EGU21-12711
https://doi.org/10.5194/egusphere-egu21-12711
EGU General Assembly 2021
© Author(s) 2021. This work is distributed under
the Creative Commons Attribution 4.0 License.

Crowdsourced Landslide Tracking – Lessons from Field Experiences of Landslide Tracker Mobile App

Balaji Hariharan and Ramesh Guntha
Balaji Hariharan and Ramesh Guntha
  • Amrita Vishwa Vidyapeetham, Amrita Center for Wireless Networks and Applications, India (balajih@am.amrita.edu)

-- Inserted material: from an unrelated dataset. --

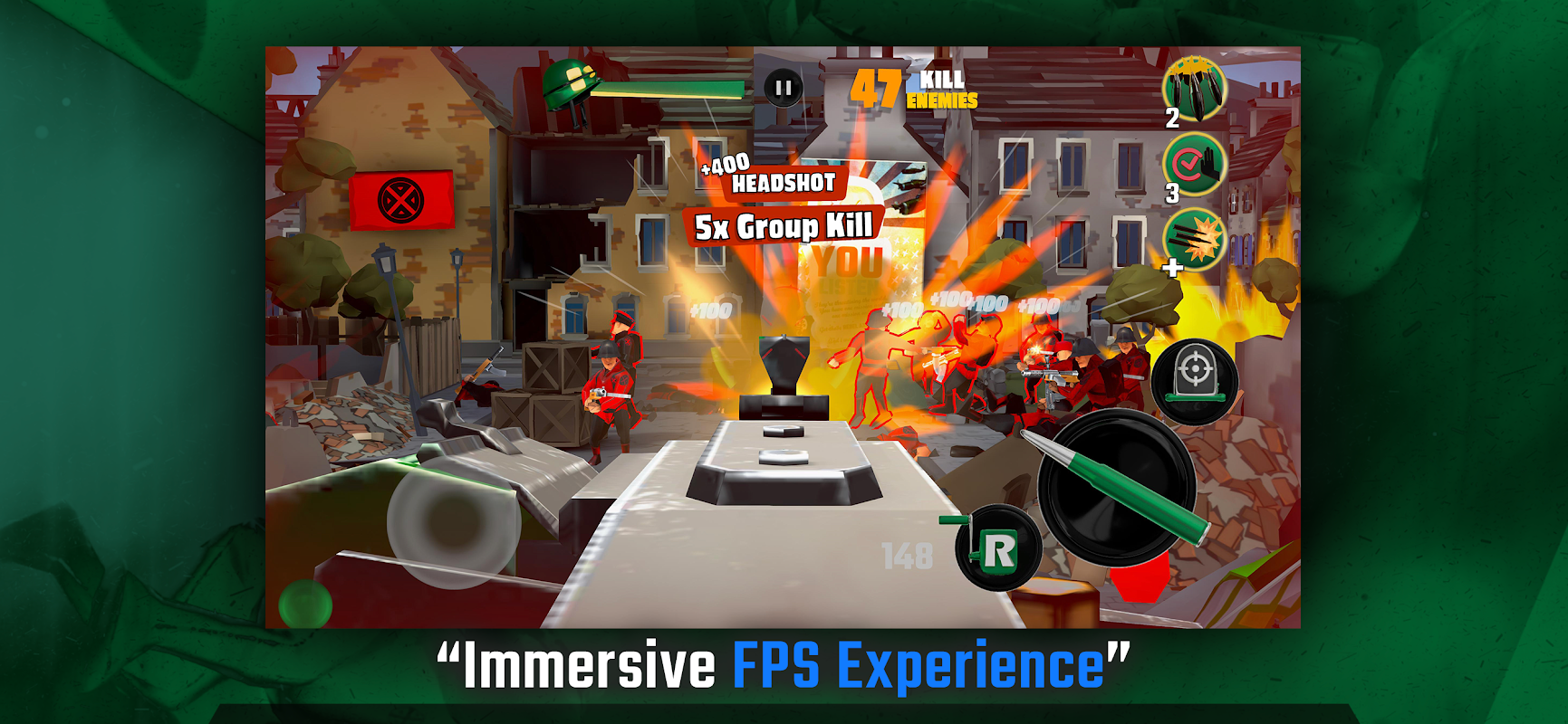 Use habilidade e estratégia enquanto atira loucamente no inimigo para ter a maior pontuação e ser o melhor entre seus amigos. O jogo tem modos de eventos semanais que você pode competir com seus amigos ou ajudar seus amigos diariamente.

With the Landslide Tracker mobile app's launch to track landslides through a crowdsourcing model during the monsoon season of 2020, we learned several important lessons that may help us improve the data quality, volunteer participation, and participation from institutions. The 'Landslide Tracker' mobile application allows tracking the landslides and details such as GPS location, date & time of occurrence, images, type, material, size, impact, area, geology, geomorphology, and comments. This app is available on Google Play Store for free, and at http://landslides.amrita.edu, with software conceived and developed by Amrita University in the context of the UK NERC/FCDO funded LANDSLIP research project (http://www.landslip.org/). The Landslide tracker app was released during the 2020 monsoon season, and more than 250 landslides were recorded through the app across India and the world.

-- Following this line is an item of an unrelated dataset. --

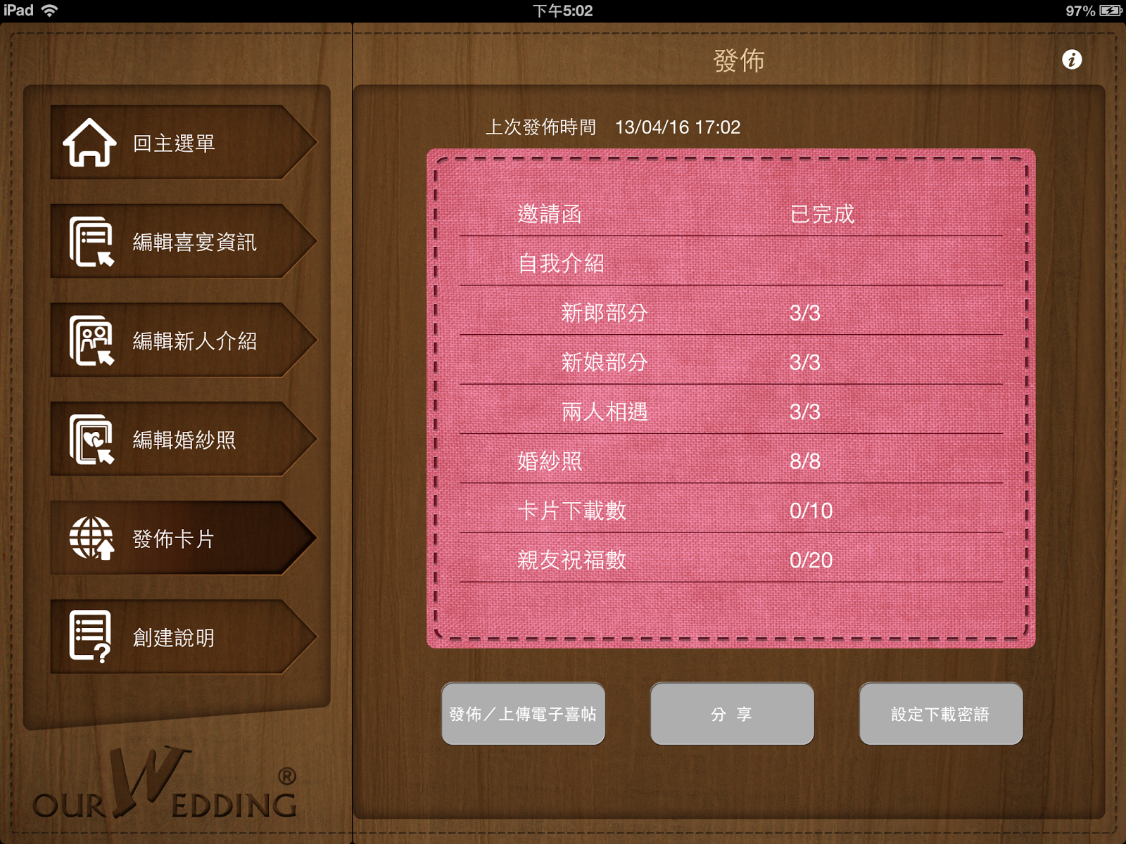 發佈完之後,就可以分享電子喜帖給親朋好友囉

Due to the nature of crowdsourcing, we have seen test entries, duplicate entries, entries with apparent mistakes such as the wrong location. In many cases, these entries were deleted by the administrator through proactive verification. To sustain the removal of invalid entries with continued usage, we can allow users to mark a landslide for verification. The administrator can remove invalid entries or approach the original contributor to update the data with minimum effort. Currently it takes under three minutes to record a landslide. To reduce the time further, it is requested to make a single page form to record date, location, images and few questions. To improve volunteer participation for contributing and validating landslide entries, we can implement digital rewards such as points, badges, titles, leader boards, etc. Additionally, allow users to like, comment, and share the landslide entries to improve the engagement. To improve the participation of universities, disaster management authorities, district authorities, and other governmental and non-governmental agencies for contributing and using landslide information, we can implement the institutional management functionality. It allows the institution to configure the staff and manager user. The manager can review, update, delete entries from the team, get reports on the contribution of the staff, and download and share the landslides contributed by the whole institution.

How to cite: Hariharan, B. and Guntha, R.: Crowdsourced Landslide Tracking – Lessons from Field Experiences of Landslide Tracker Mobile App, EGU General Assembly 2021, online, 19–30 Apr 2021, EGU21-12711, https://doi.org/10.5194/egusphere-egu21-12711, 2021.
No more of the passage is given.